Indian coal buyers seek deferrals as rupee slump raises costs
05 Sep 2013
Coal buyers in India, the world’s third-largest user, are negotiating to defer imports from Indonesia as the slump in the rupee makes them more expensive.
Buyers are asking to delay shipments of Indonesian thermal coal for as long as one month as they seek to negotiate lower prices with suppliers, Ramli Ahmad, the managing director of PT Asia Pacific Mining Resources, which trades 2 million metric tons a year, said at a conference in Balikpapan, Indonesia yesterday. “Some are not clear on how long they are asking to delay,” he said.
The rupee fell to a record low of 68.845 per dollar last week as fund outflows from the local financial market left the currency vulnerable to an unprecedented current-account deficit. The currency has weakened 19 percent so far this year, according to prices from local banks compiled by Bloomberg. India was the biggest buyer of Indonesian coal last year after China.
Indian importers are seeking to buy the fuel with a heating value of 5,500 kilocalories a kilogram on a net as-received basis at $79 to $80 a ton while Indonesian suppliers are offering at $85 a ton, cost and freight basis, said Ashok Mitra, the chief financial officer of PT Kaltim Prima Coal, a unit of Indonesia’s largest coal producer, PT Bumi Resources. (BUMI) Indonesian sellers are offering coal with a heating value of 3,600 kilocalories a kilogram at $37 to $38 a ton while Indian buyers are bidding at around $35 a ton, Mitra said.

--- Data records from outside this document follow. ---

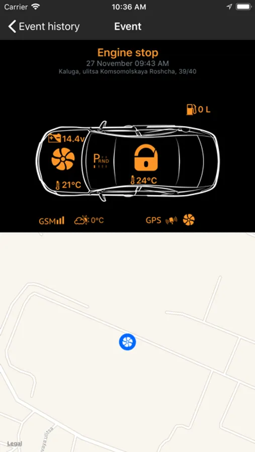 – Monitoring the current state of your car: statuses of all security zones and sensors, current fuel level (it depends on connections), engine temperature, car interior temperature, outside temperature (additional sensor is required), current car location (for systems with a GPS/GLONASS-receiver).
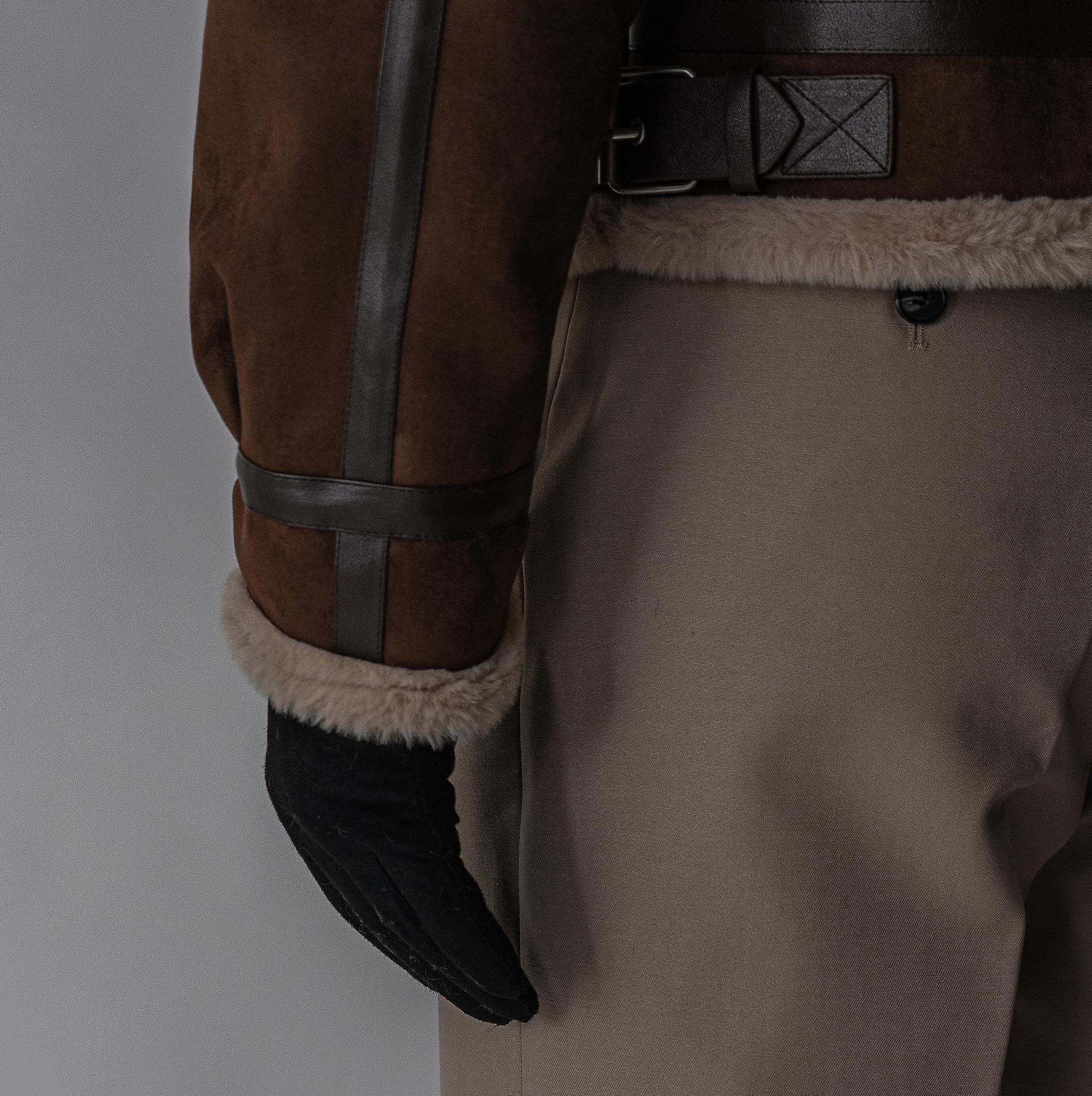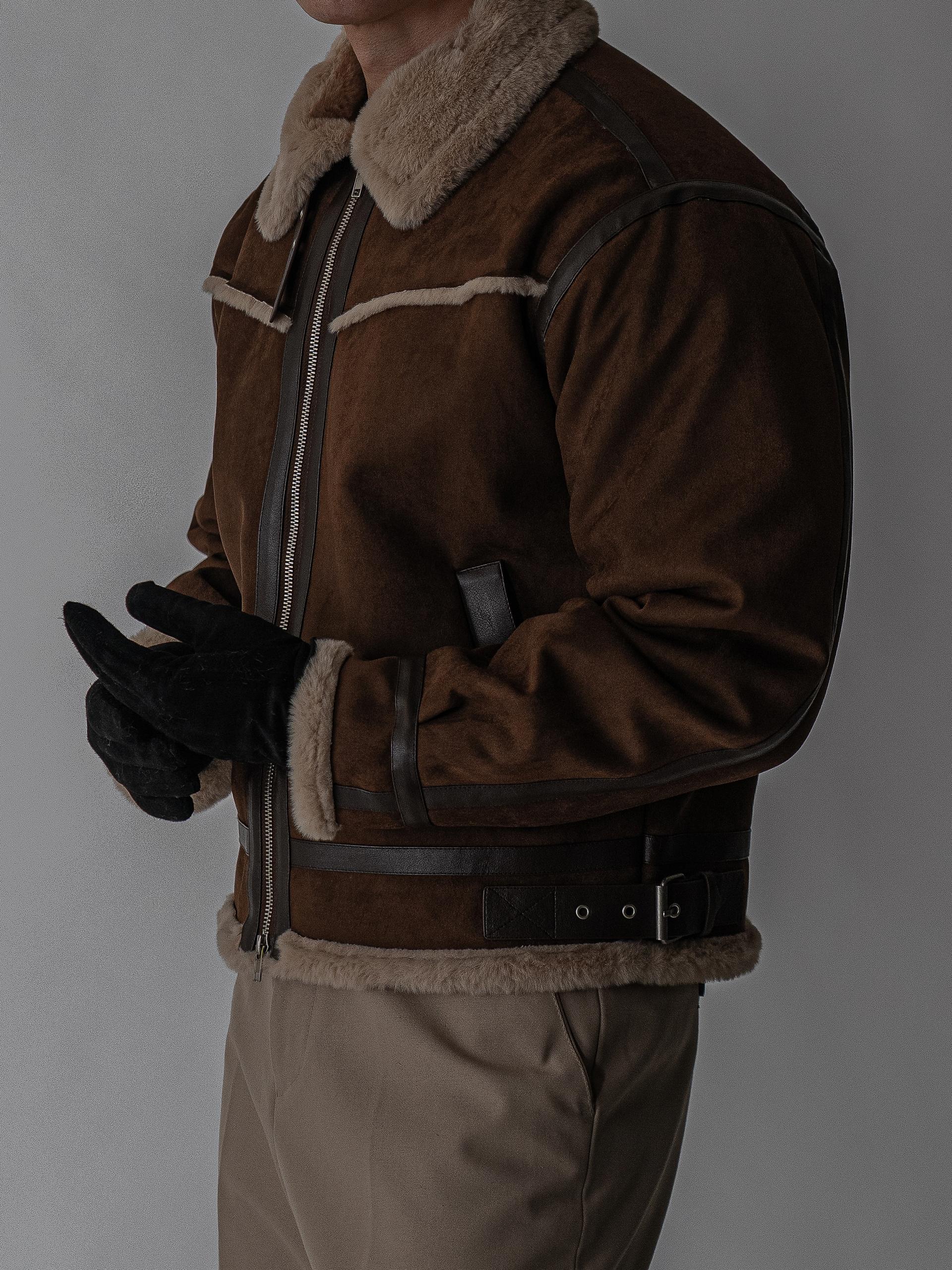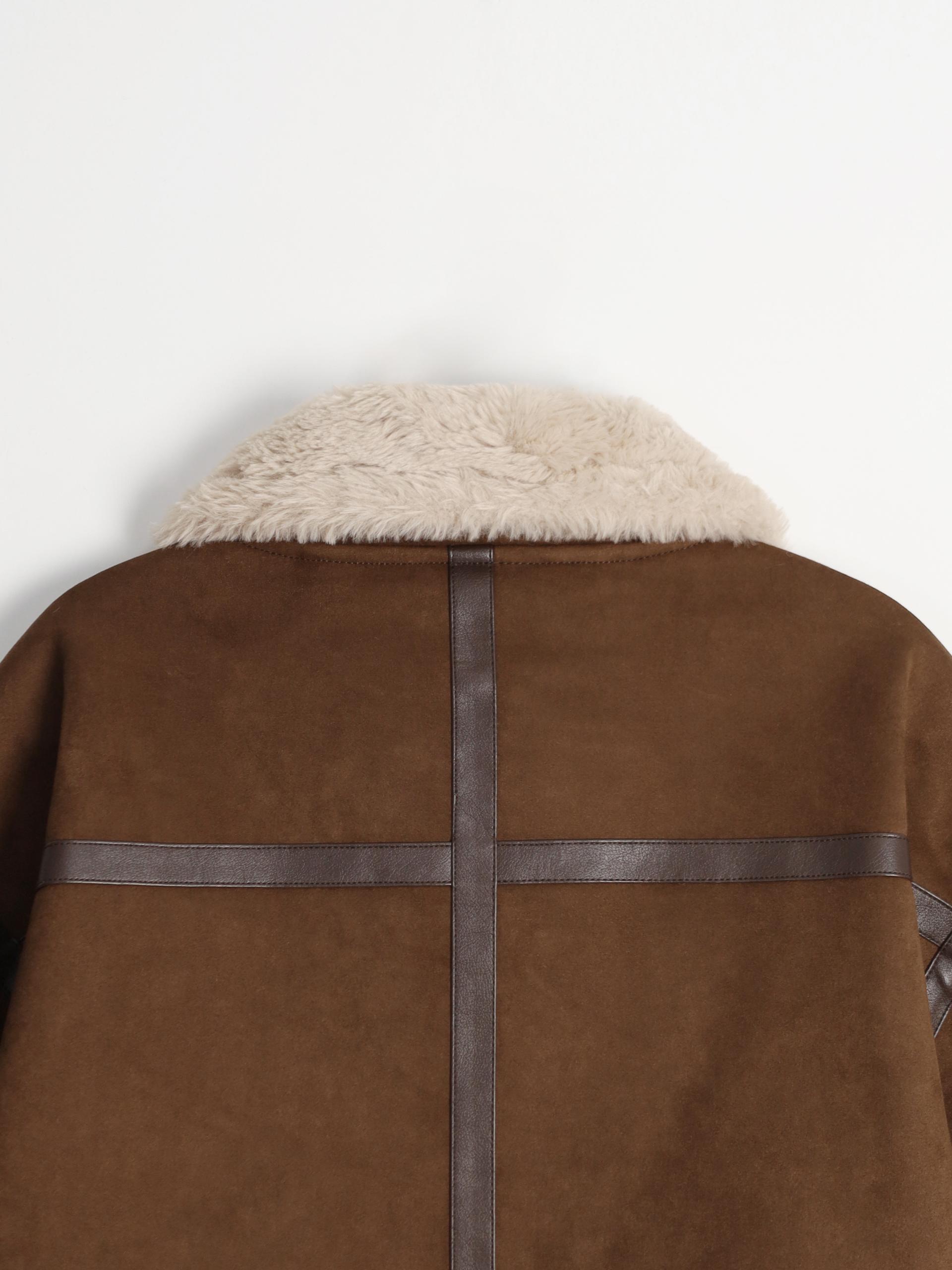 - 에코 스웨이드 웨스턴 라인의 크롭 무스탕 자켓
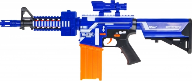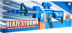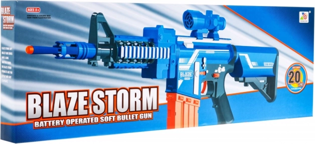 Genießen Sie Action mit dem batteriebetriebenen Kinder-Blaster BLAZE STORM. Der vollständig elektrische Antrieb sorgt für einen gleichmäßigen Lauf und stabile Leistung; jeder Abzugsdruck feuert einen Dart ab. Der lange Lauf mit zwei stabilisierenden Rollen hilft, die Flugbahn zu halten, und das abnehmbare taktische Visier erleichtert das Zielen.
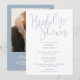 Este convite elegante em azul empoeirado para chá de noiva pode ser personalizado com todas as informações do seu evento especial e foto e código QR do registro no verso. Criado por Thisisnotme©
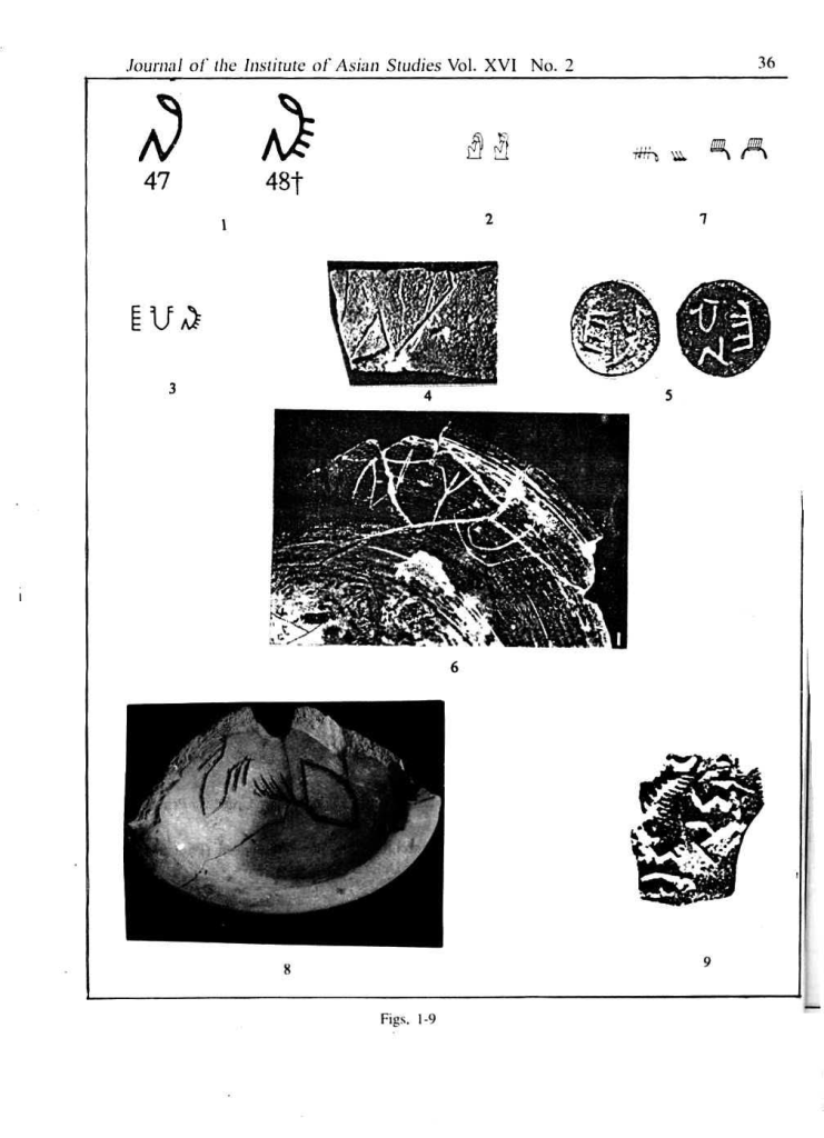 (b) The basic Indus ideogram for ‘deity’ occurs often, presumably as a religious symbol, in the pottery graffiti from the Megalithic burials at Sanur in Tamilnadu (Fig.6)
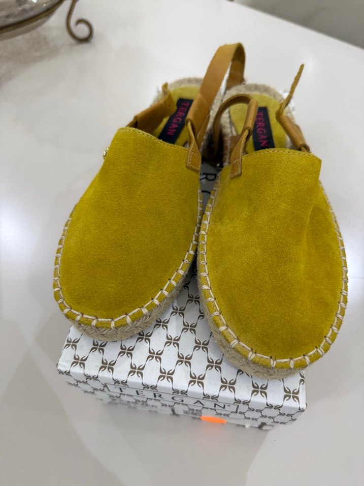 Sarı süet espadriller, ve renkli nakış detaylı, cırt cırtlı kayışla bohem tarzına uygundur.
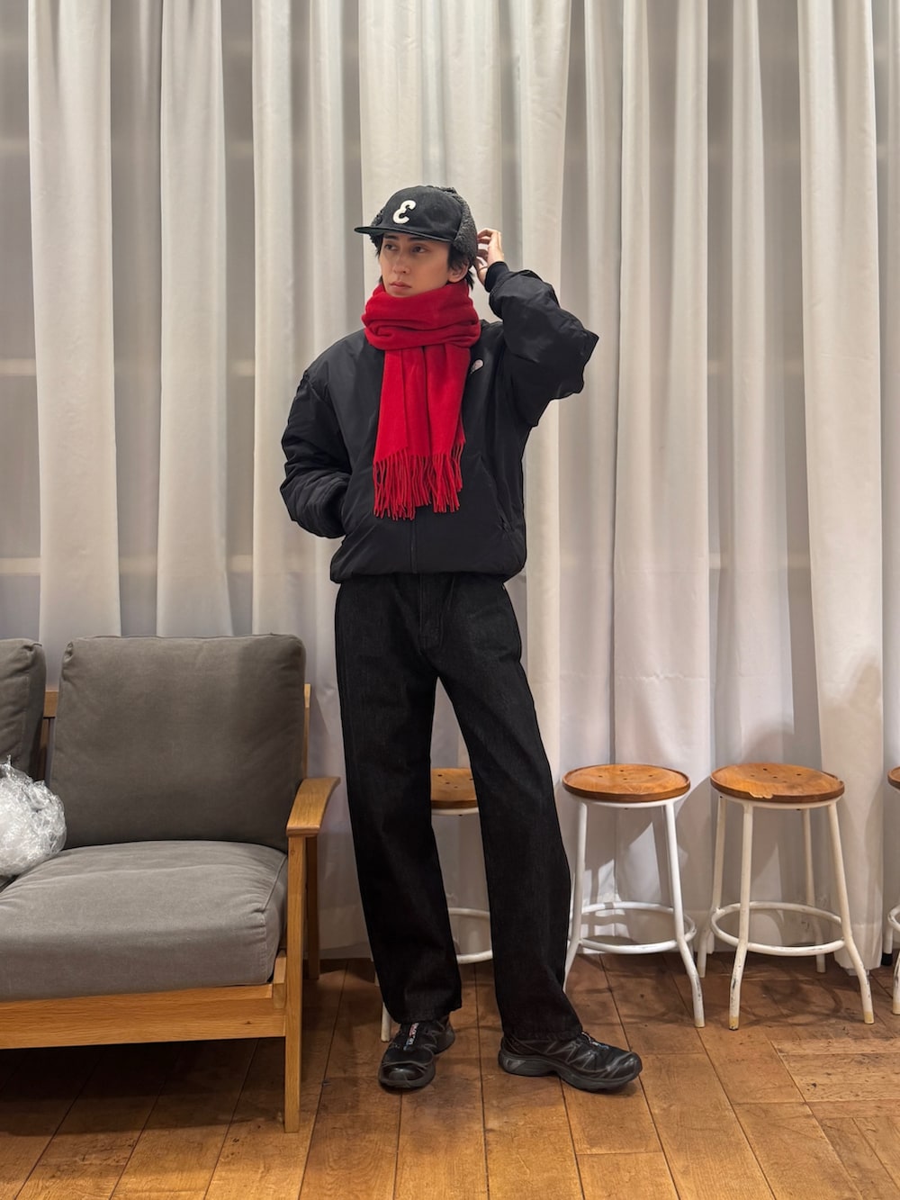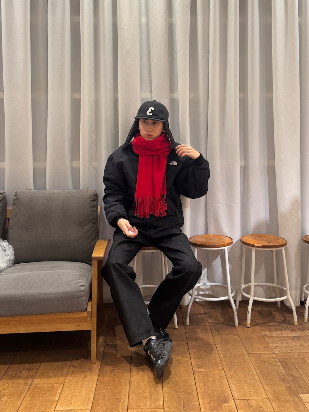 黒のアウターに発色の良い赤マフラーを差し込むことで、冬らしい温度感と都会的なメリハリを演出します☺️
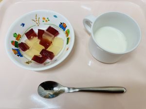 ※おやつのあじさいゼリーは、りんごジュースとぶどうジュースをそれぞれ寒天で固めて四角く切りました♪今の季節にぴったりで、視覚からも楽しいおやつになったと思います♪
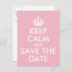 Vous pouvez créer votre propre mariage, sauf la date parodique "Keep Calm and Carry On". Customisez la couleur arrière - plan rose pâle. Forme classique de couronne blanche. La carte postale est personnalisable avec un visage, un style ou une taille de police différents. Si vous devez changer la taille de la police, nous vous suggérons de sélectionner tous les éléments et de modifier la taille de l'ensemble de la conception en même temps. Ajoutez du texte pour personnaliser l'arrière-plan avec des informations sur votre date, heure et lieu de mariage. Concevez votre propre personnalisation enregistrer la date carte postale.
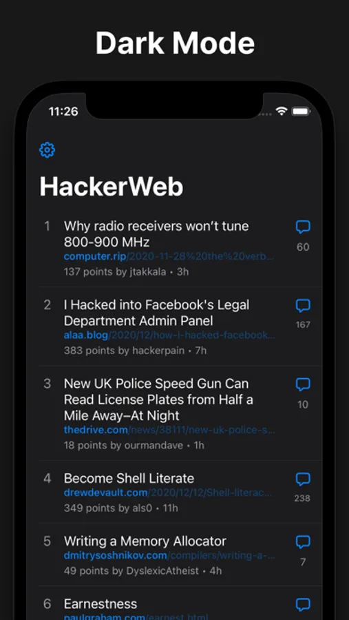 HackerWeb is a super-clean Hacker News app built for maximum readability and has a lean set of features to optimize the reading experience.
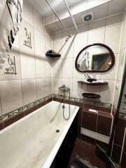 Планировка типа "распашонка" с окнами на разные стороны гарантирует хорошую естественную освещенность в течение дня. Две изолированные комнаты и одна проходная позволяют гибко зонировать пространство — под спальни, кабинет или детскую. Санузел раздельный, полностью облицован кафелем.
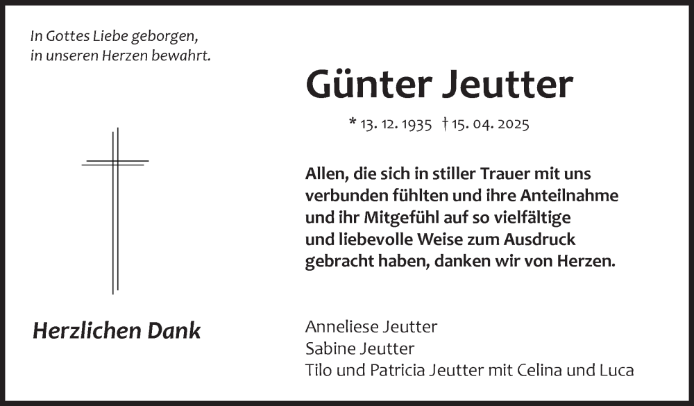 Hier finden Sie alle Traueranzeigen aus der Zeitung, die bisher für Günter Jeutter erschienen sind. Weitere Traueranzeigen, die in der Zeitung erscheinen, werden hier ebenfalls aufgelistet
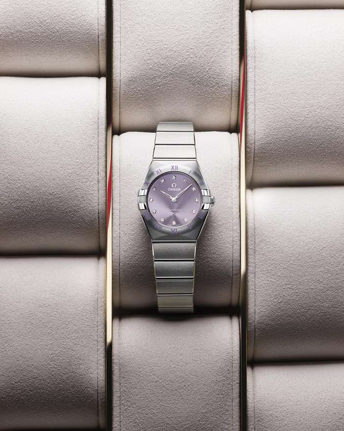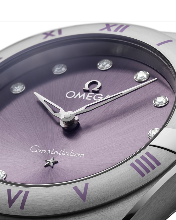 Para dar al bisel un toque extra de color, OMEGA ha resaltado con el mismo tono pastel los números romanos grabados.
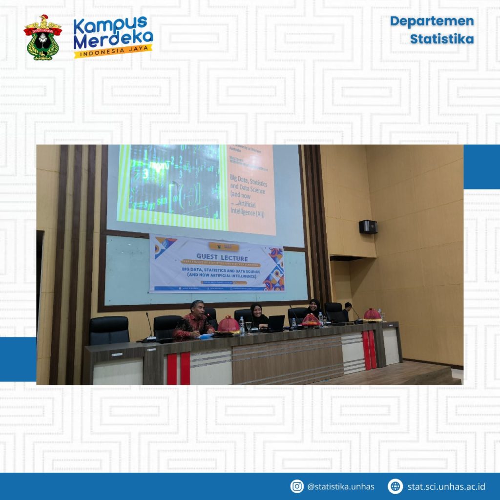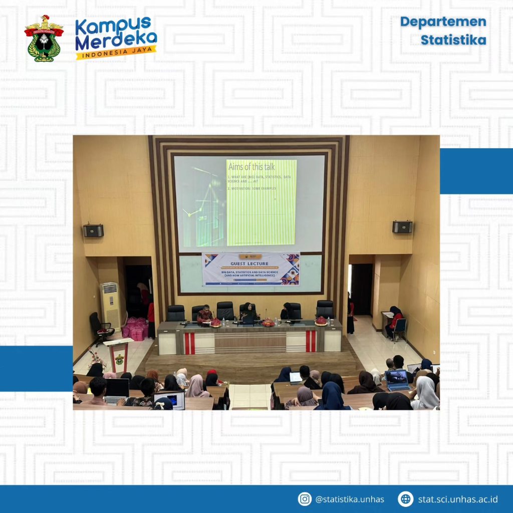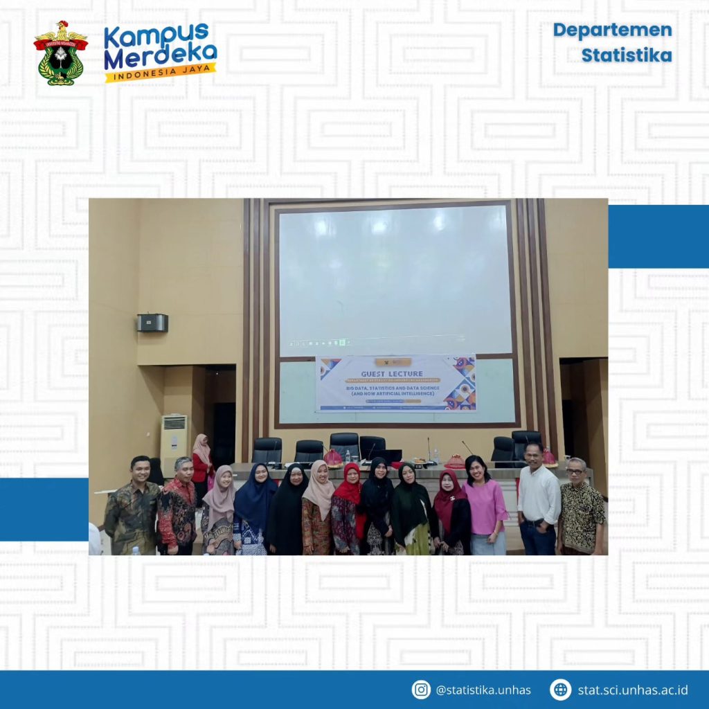 In an effort to enhance students’ understanding of the dynamic field of data science and its practical applications, an engaging guest lecture on Big Data, Statistics, and Data Science was organized at the Department of Statistics, Hasanuddin University on January 11, 2024. The event garnered significant attention from students, faculty members, and professionals.
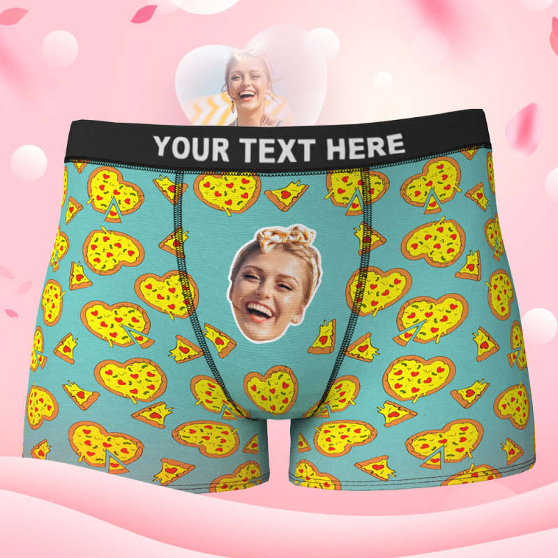 Custom Face Boxer Shorts Personalized Underwear for Boyfriend - Love Heart Pizza
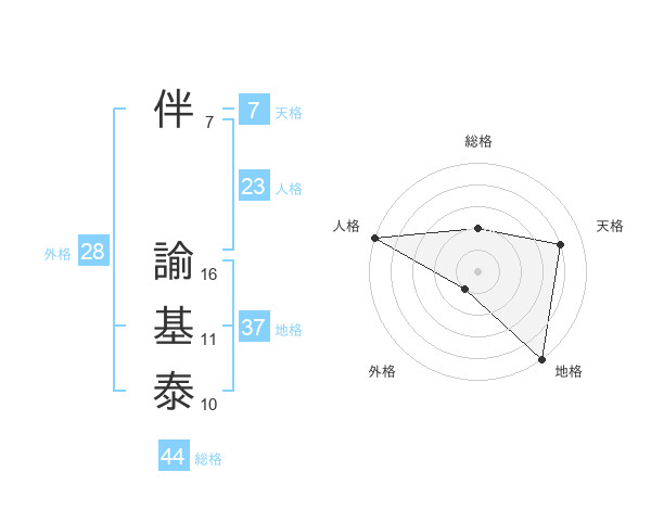 伴 諭基泰さんを姓名の画数から五運を鑑定
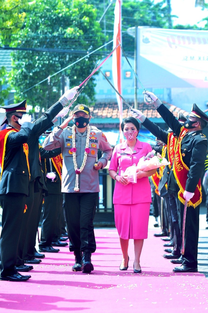 BATANG,Mattanews. co – Jajaran Polres Batang menggelar tradisi pedang pora untuk menyambut AKBP Edwin Louis Sengka, S.I.K., M.Si di Mapolres setempat, Selasa (1/9/2020).

“Indian buyers want to cover any increase in costs because of rupee depreciation through a reduction in price from the coal producers,” Mitra said at the conference. “There won’t be any default. They have to take the cargo, but the issue will be on the price.”
Deferral requests from Indian buyers are unlikely to cut purchases because of demand for electricity and lack of local coal supply, Mitra said.
India increased coal imports by 50 percent in July, receiving 13.3 million tons of steam coal and 3.12 million of the coking variety, according to Interocean, a New Delhi-based shipper.